This page organizes papers related to artificial intelligence published around the world. This page is summarized using Google Gemini and is operated on a non-profit basis. The copyright of the paper belongs to the author and the relevant institution. When sharing, simply cite the source.
William Walden, Marc Mason, Orion Weller, Laura Dietz, Hannah Recknor, Bryan Li, Gabrielle Kaili-May Liu, Yu Hou, James Mayfield, Eugene Yang
Outline
Auto-ARGUE is an LLM-based framework used to evaluate augmented search generation (RAG) systems for generating long-form, citation-based reports.
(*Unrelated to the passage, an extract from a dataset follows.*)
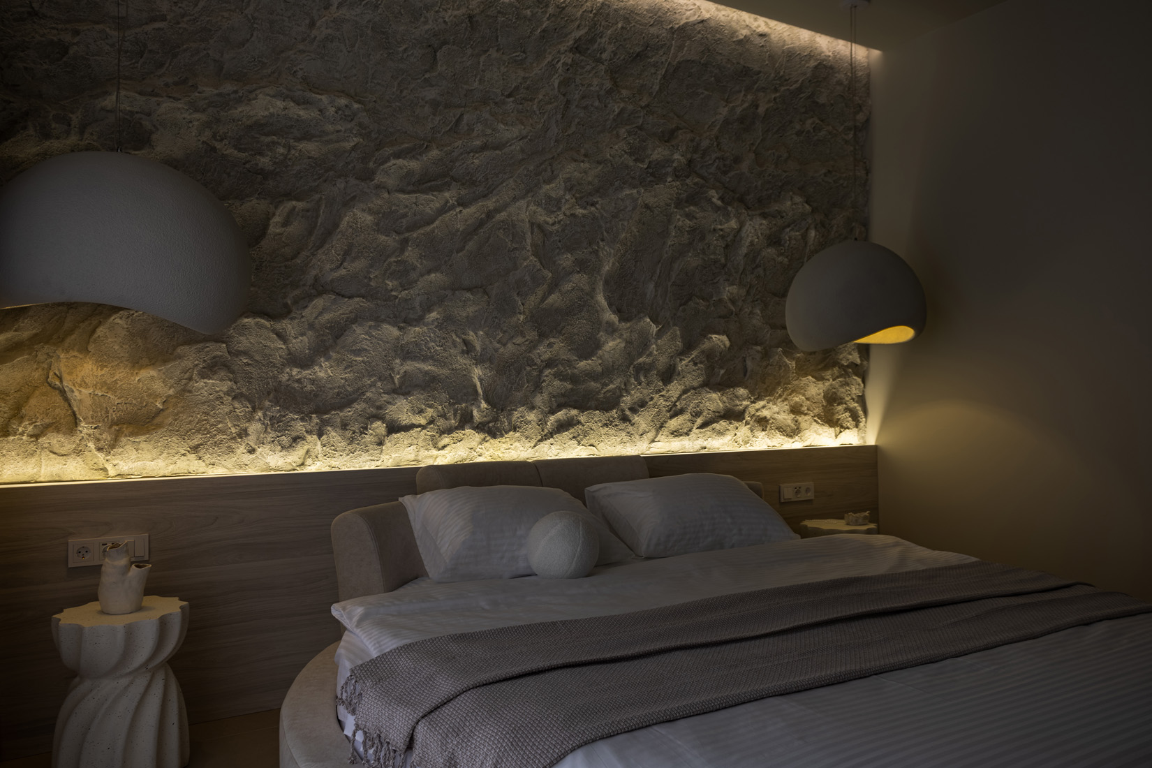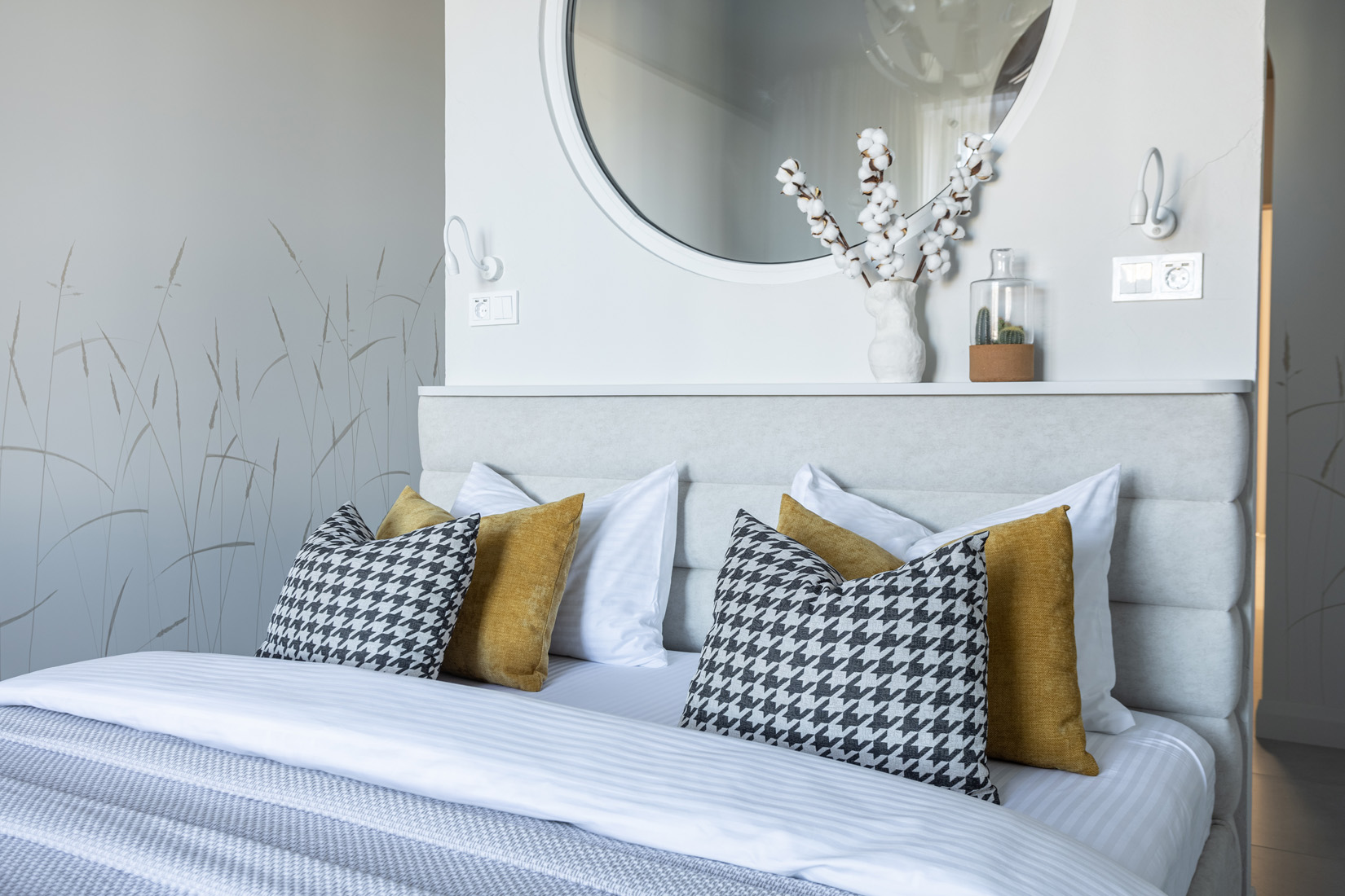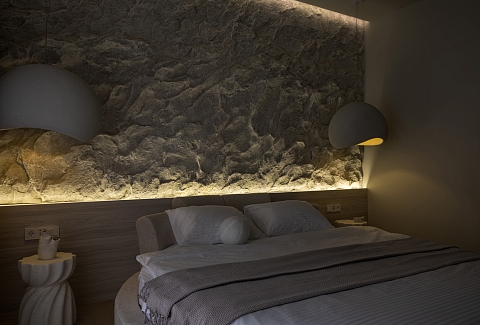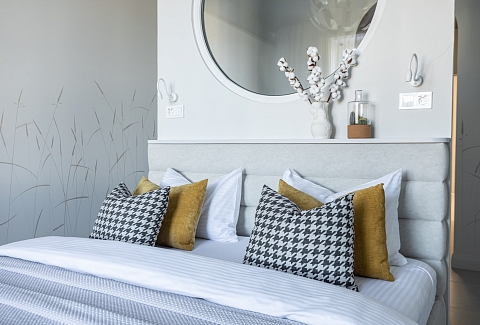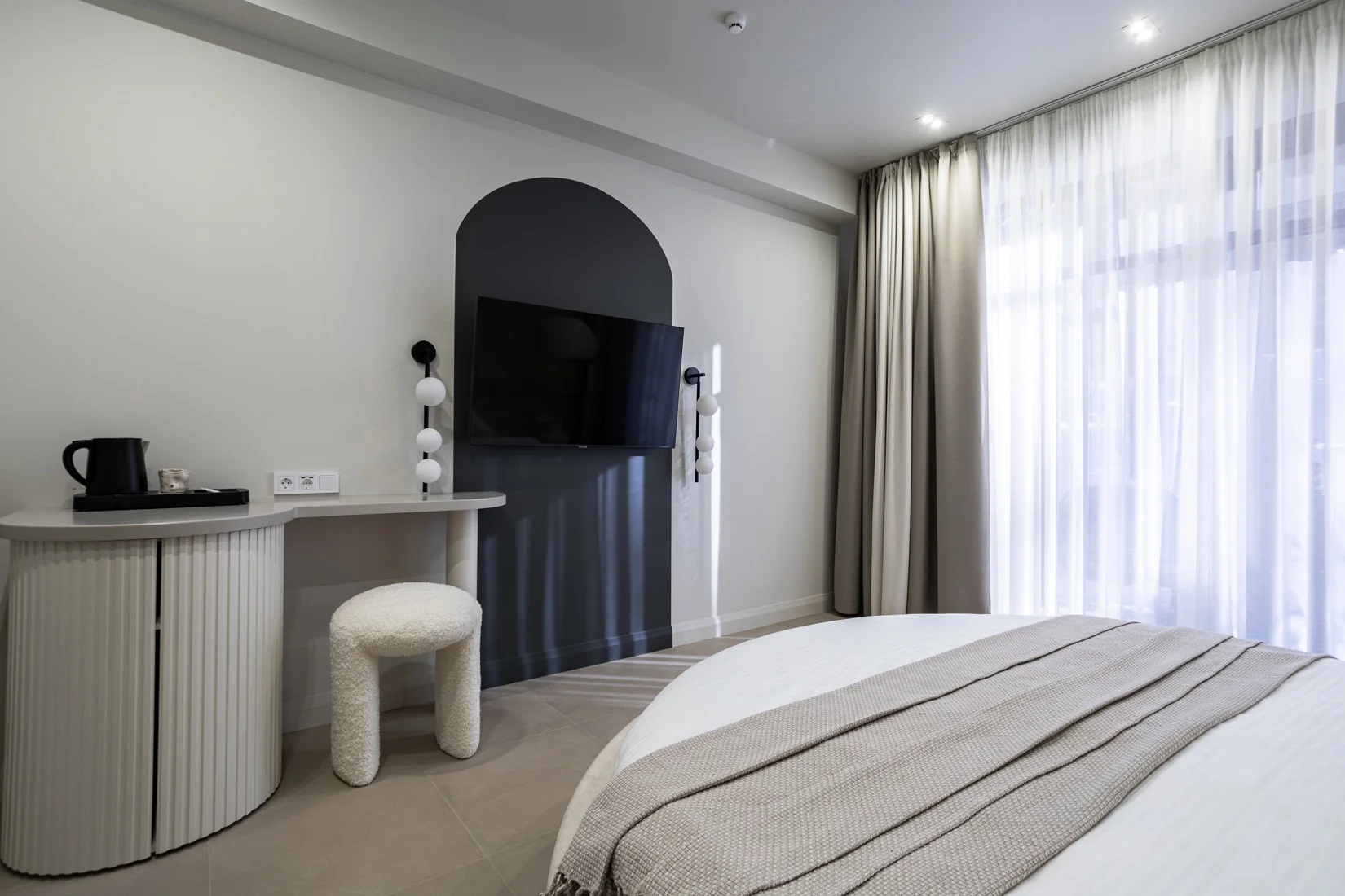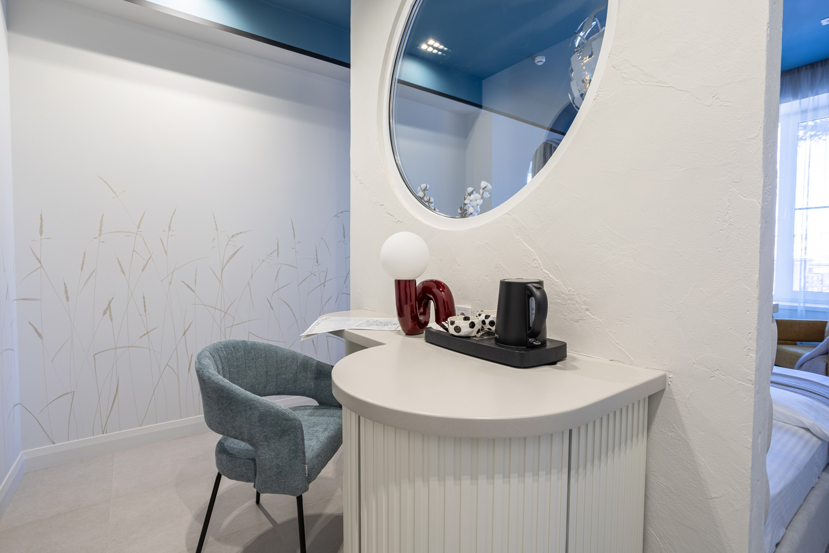 В номере: вешалка, зеркало, кровать двуспальная, прикроватные тумбочки, стол, стул, шкаф, кондиционер, телевизор

We present an analysis of a report generation pilot task from the TREC 2024 NeuCLIR track, demonstrating good system-level correlation with human judgment. We also release a web app for visualizing Auto-ARGUE output.
Takeaways, Limitations
•
Addresses the lack of a RAG system evaluation tool specialized in report generation.
•
Suggesting the possibility of system-level evaluation that shows good correlation with human judgment.
•
Provides a web app to visualize the output of Auto-ARGUE.
•
Since these results are for a specific task in the TREC 2024 NeuCLIR track, generalizability may be limited.
•
Further analysis of the performance and limitations of Auto-ARGUE itself is needed.